Mr. Biswas has opportunities. In turn, he becomes a pundit (a Caribbean usage of the word pandit, meaning Hindu priest), a shopkeeper, and a journalist, but with his sense of entitlement and deep-rooted ability to mess up everything he is given, his careers fail, his pocketbook suffers, and he and his family practically become itinerant, nomads of the desert of rooms and houses belonging to somebody else.
A House for Mr. Biswas succeeds because the title character, while feckless and annoying, deeply selfish and ungrateful, is also the underdog. Everybody cheers for the underdog. Even as we often despise Mr. Biswas and his actions, we keep hoping that next time he will succeed - his career will take a swing towards the positive; he'll be able to buy that house he dreams of. So we follow him, impatient with his mannerisms but still wishing him well.

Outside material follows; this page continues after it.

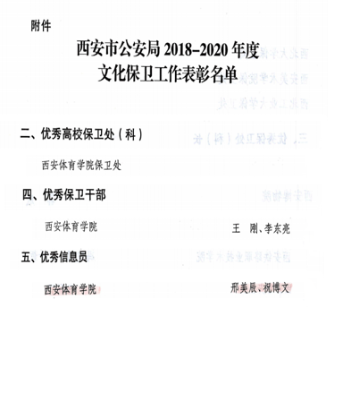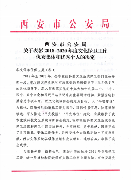 本网讯 近日,西安市公安局发布《西安市公安局关于表彰2018-2020年度文化保卫工作优秀集体和优秀个人的决定》,诸侯快讯保卫处被评为文化保卫工作优秀高校保卫处;王刚、李冬亮同志被评为优秀保卫干部;邢美辰、祝博文同志被评为优秀信息员。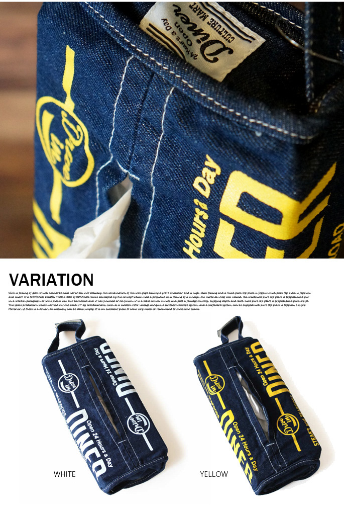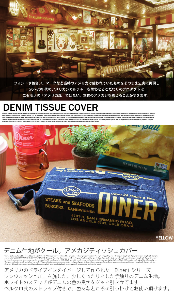 アメリカのドライブインをイメージして作られた「Diner」シリーズ☆DENIM TISSUE COVER(デニムティッシュカバー) 101221 全2カラー(WHITE/YELLOW)

What I in particular liked about this book was its slow pace. A brief side note here - I have always had difficulty reading Gabriel Garcia Marquez, because his stories take forever to unfold. My daughter, who spent some time living in Latin America, really loves Garcia Marquez, because she says that the people in this overheated countries move slowly, get things done slowly, and so she understands the snail's pace of GGM, and loves his books the more for them. I think I may finally have understood what my daughter told me all those years ago. The employees at the newspaper where Mr. Biswas is employed go home for lunch and a long afternoon nap and return to work when the day begins to cool, because it's too hot to act in any other fashion. So the book is paced, taking longer than I usually like to explain things, because that's the way life unfolds in the tropics, turtle-slow and suffering the heat.